Analysis of the incidental recognition memory data documented that subjects were highly accurate at identifying pictures of the objects used during training versus those that were not (recognition, mean percent correct ± standard deviation = 94.75 ± 4.75 for the trained objects, mean percent correct rejection = 97.90% ± 2.47 for not-trained objects).
The fixed effects analysis of the functional imaging data across sessions revealed a significant main effect of session in a number of regions (Session 2 [novel object matching − scrambled image matching] − Session 1 [novel object matching − scrambled image matching]). These changes included increased activation in specific regions of lateral temporal, parietal, and frontal cortices in the left hemisphere, and both increased and decreased responses after training in ventral occipitotemporal cortex. As illustrated in Figure 3, increased activation was observed in the posterior region of the left middle temporal gyrus, left premotor cortex, and left intraparietal sulcus (Fig. 3A,B, red regions). As shown by the accompanying histograms (Fig. 3C,D,E, red bars), the random effects analysis of the time series data revealed that after training there was more activity for object matching as compared with baseline than prior to training (main effect of session: F1,10 = 18.6, P < 0.002; F1,8 = 17.4, P < 0.003; and F1,10 = 22.3, P < 0.001 for left middle temporal gyrus, left intraparietal sulcus, and left premotor cortex, respectively). These left lateralized changes were readily observable in individual subjects (Fig. 4). Although some activity was observed in the left middle temporal gyrus before training (P < 0.001 for objects vs. phase-scrambled images during Session 1), neither the left intraparietal nor the premotor regions were active during object matching prior to training (F < 1 for objects vs. phase-scrambled images during Session 1) (Fig. 3C,D,E, red bars). In addition, there was no difference in activity between object sets in any region during Session 1 (F < 2 for trained vs. not-trained objects in the middle temporal gyrus, F < 1 in intraparietal and premotor regions). As illustrated, after training, the response to the trained objects tended to be numerically larger than to the not-trained objects in each region. However, neither was this difference significant nor was the interaction between scanning session and object set significant.
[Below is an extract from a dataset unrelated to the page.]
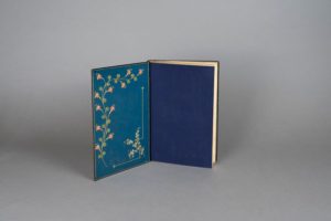 GAUTIER (Théophile). Jean et Jeannette. Paris, A. Ferroud, 1894. In-8, maroquin bleu foncé, janséniste, doublure de maroquin bleu clair orné de branchages fleuris au feuillage et fleurs rouges mosaïquées, gardes de reps bleu foncé, tête dorée, non rogné, couverture et dos (Charles Meunier). 24 compositions par Adolphe Lalauze. Tirage à 500 exemplaires, celui-ci sur Arches. Charmante doublure fleurie de Charles Meunier.

Although the interaction between session and object set failed to reach significance, we evaluated differences between object sets (trained vs. not-trained) within each scanning session based on our a priori hypothesis of training-specific effects in Session 2. These analyses revealed distinct clusters of voxels showing increased activity specifically for the trained objects during the second scanning session (see Fig. 3A,B, yellow regions). These clusters overlapped with the anterior extent of each of the regions located on the lateral surface of the left hemisphere identified by the main effect of session in the across-session analysis. Time series extracted from these regions for both scanning sessions were submitted to a random effects repeated measures ANOVA of session × object set. Although the interaction again failed to reach significance, planned comparisons revealed significantly enhanced responses to the trained versus the not-trained objects in the middle temporal gyrus and posterior parietal cortex, with a trend toward significance in premotor/prefrontal cortex after training (P < 0.05, P < 0.05, P < 0.08, in each region, respectively) but not prior to training (F < 1 in each region) (Fig. 3C,D,E, yellow histograms). Moreover, in each of these regions, the not-trained object set failed to elicit activity above the scrambled image-matching baseline during the second scanning session (F < 1). Thus, following training, increased activity in these regions showed significantly heightened activity only in response to the trained object set.
As illustrated in Figure 5A, the across-session analysis also revealed a training-related increase in neural activity in the medial aspect of the fusiform gyrus bilaterally; especially in the left hemisphere, indicating more activity after than prior to training (random effects ANOVA, main effect of session: F1,8 = 9.12, P < 0.02) (Fig. 5B). In contrast, a decreased response was observed in the lateral portion of the fusiform gyrus, indicating that this region was more active prior to than after training (main effect of session: F1,10 = 7.50, P < 0.02) (Fig. 5C). No differential activity was observed for the trained versus the not-trained objects in the fusiform gyrus after training (F < 2 and F < 1 for the interaction of session × object set in the lateral and medial fusiform gyrus, respectively) (Fig. 5B,C). In addition, separate analysis of Session 2 failed to reveal a differential response to the trained versus not-trained object sets in ventral cortex.
To investigate the effects of functional experience on the neural circuitry for object recognition, we created novel objects and scanned subjects before and after they were trained to perform functional tasks with a subset of the objects. We found that training induced highly specific changes in the neural circuitry recruited during visual object perception.
Behaviorally, training resulted in increased efficiency performing a simple visual matching task and creation of a strong representation in memory. Notably, although subjects could easily differentiate between the trained and not-trained objects after the second scanning session, debriefing revealed that subjects were unaware that matching trials had been grouped according to whether or not an object was part of the training set.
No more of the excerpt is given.